Experimental results based on the agarose gel phantoms for gradient‐induced B₀ field deviations. For each spin‐locking (SL) module, the corresponding T_1ρ, residual maps, and residual sum of squares (RSS) are presented for f _SL = 100, 500, and 1000 Hz, with B₁ field deviation = −20%, and local field of view varying B₀ = −58…58 Hz (Δf ₀ map induced by the gradient obtained from a liquid phantom). As f _SL increases, the performance of each module is significantly enhanced.

FIGURE 9

Experimental results based on the knee cartilage for gradient‐induced B₀‐field deviations.

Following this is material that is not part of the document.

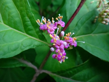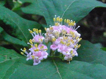 花は集散花序で、淡紫色。花冠は筒状で、香りがある。
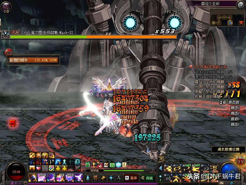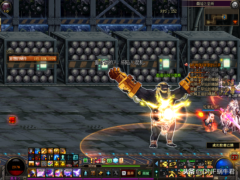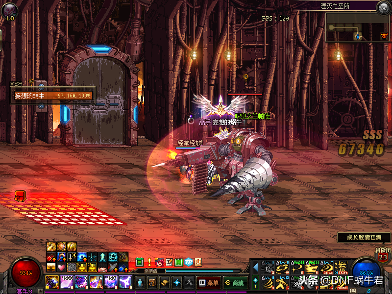 然后蜗牛君要说的是机械王座,这里我们需要注意的是如果我们是辅助需要站在左上角或是房间的角落吃boss套角色罩子这个技能,以免套到主C身上释放不了头顶的技能,影响输出,弄不好不小心释放了会秒杀。其次boss这个技能只会套离他最远的人,其次我们需要注意的是boss给自己套罩子的技能,我们需要最快的速度打掉,不然boss会使我们全部技能“黑掉”全部跑cd,这就比较蛋疼了,还有就是boss会有一个技能会反弹远程技能,这个技能仔细一点是可以看出来的,里鬼时boss身旁会有淡淡的光膜一样的东西,此时我们就需要注意不能释放剑舞,以免被反弹秒杀。

For each spin‐locking (SL) module, the T_1ρ under standard shimming, T_1ρ under manually induced field imperfections (when f _SL = 100 Hz, B₁ field deviation = −20% and local field of view varying B₀ = −77…77 Hz), residual maps, and residual sum of squares (RSS) are shown. The RSS of the quadruple‐refocused‐SL (QR‐SL) module is decreased by 24.3%, 68.9%, and 12.5%, respectively, compared with the composite‐SL (C‐SL), balanced‐SL (B‐SL), and triple‐refocused‐SL (TR‐SL) modules.

FIGURE 10

Comparison of root mean square (RMS) radiofrequency integrals for the four T_1ρ preparation modules for phantom measurements with f _SL = 100, 500 and 1000 Hz, and T _SL = 4, 38, 40, 42, and 44 ms. The RMS integrals of the quadruple‐refocused‐SL (QR‐SL) module show a relative increase of 13.4%, 2.6%, and 0.7% compared with those of the composite‐SL (C‐SL) module when f _SL = 100, 500, and 1000 Hz and T _SL = 44 ms, respectively.